##### DATA BELOW #####
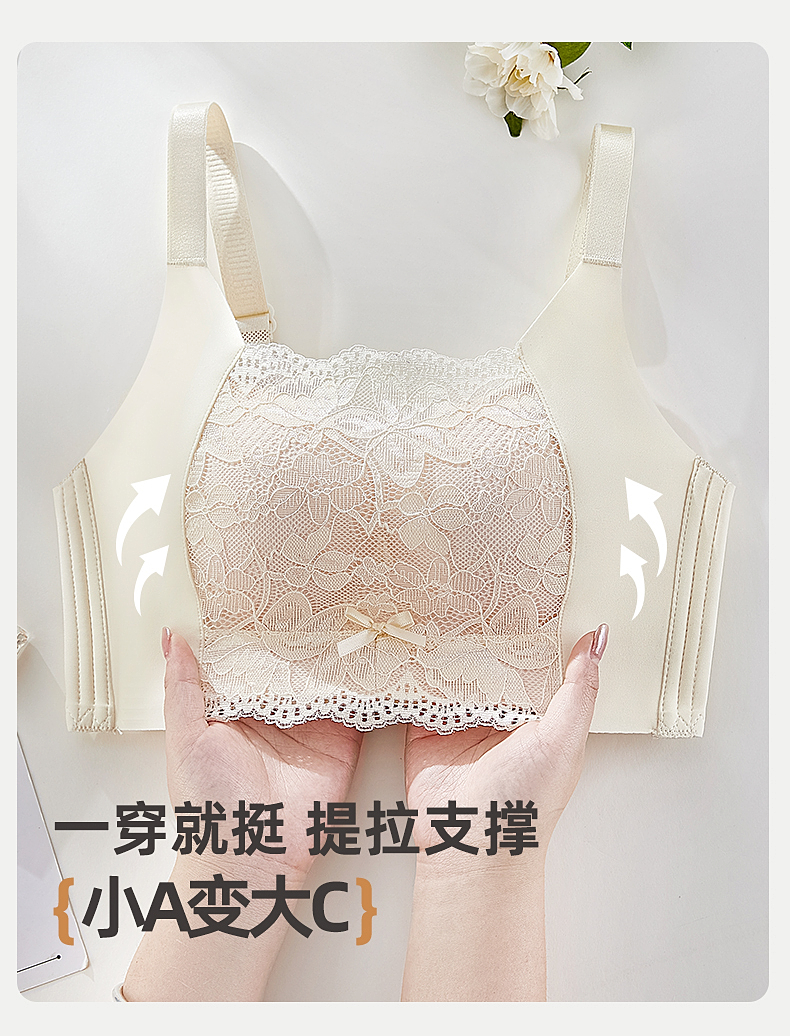 雅黛俪女士文胸小胸聚拢显大上薄下厚杯性感蕾丝抹胸式内衣胸罩
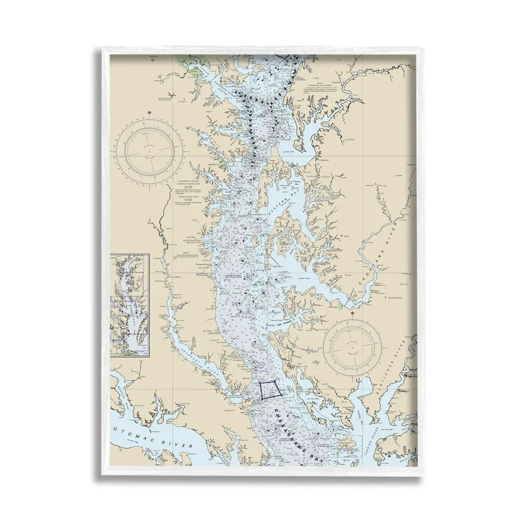 Stupell Chesapeake Bay Water Flow Map Coastal Cartography Framed Wall Art - 11 X 14 - White
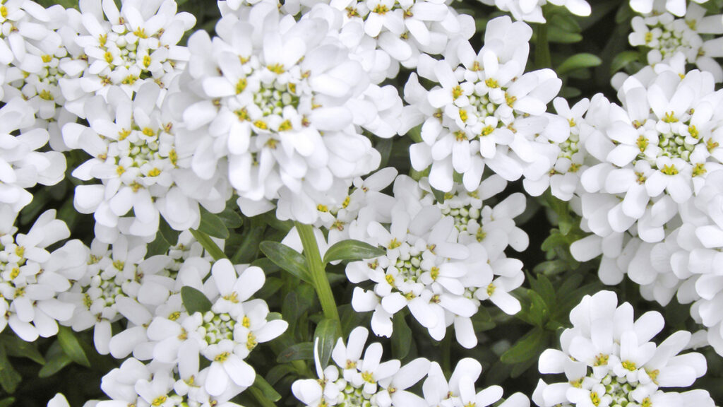 イベリスは、春に砂糖菓子のように集まって咲く白い小花が特徴で、太陽に向かって曲がる性質や甘い香りが、花言葉の由来となっています。
#####
▸ **WHAT YOU NEED TO DO**: Every line above should be returned exactly; the pictures stay out.

▸ **WRITTEN RESPONSE**:
 雅黛俪女士文胸小胸聚拢显大上薄下厚杯性感蕾丝抹胸式内衣胸罩
 Stupell Chesapeake Bay Water Flow Map Coastal Cartography Framed Wall Art - 11 X 14 - White
 イベリスは、春に砂糖菓子のように集まって咲く白い小花が特徴で、太陽に向かって曲がる性質や甘い香りが、花言葉の由来となっています。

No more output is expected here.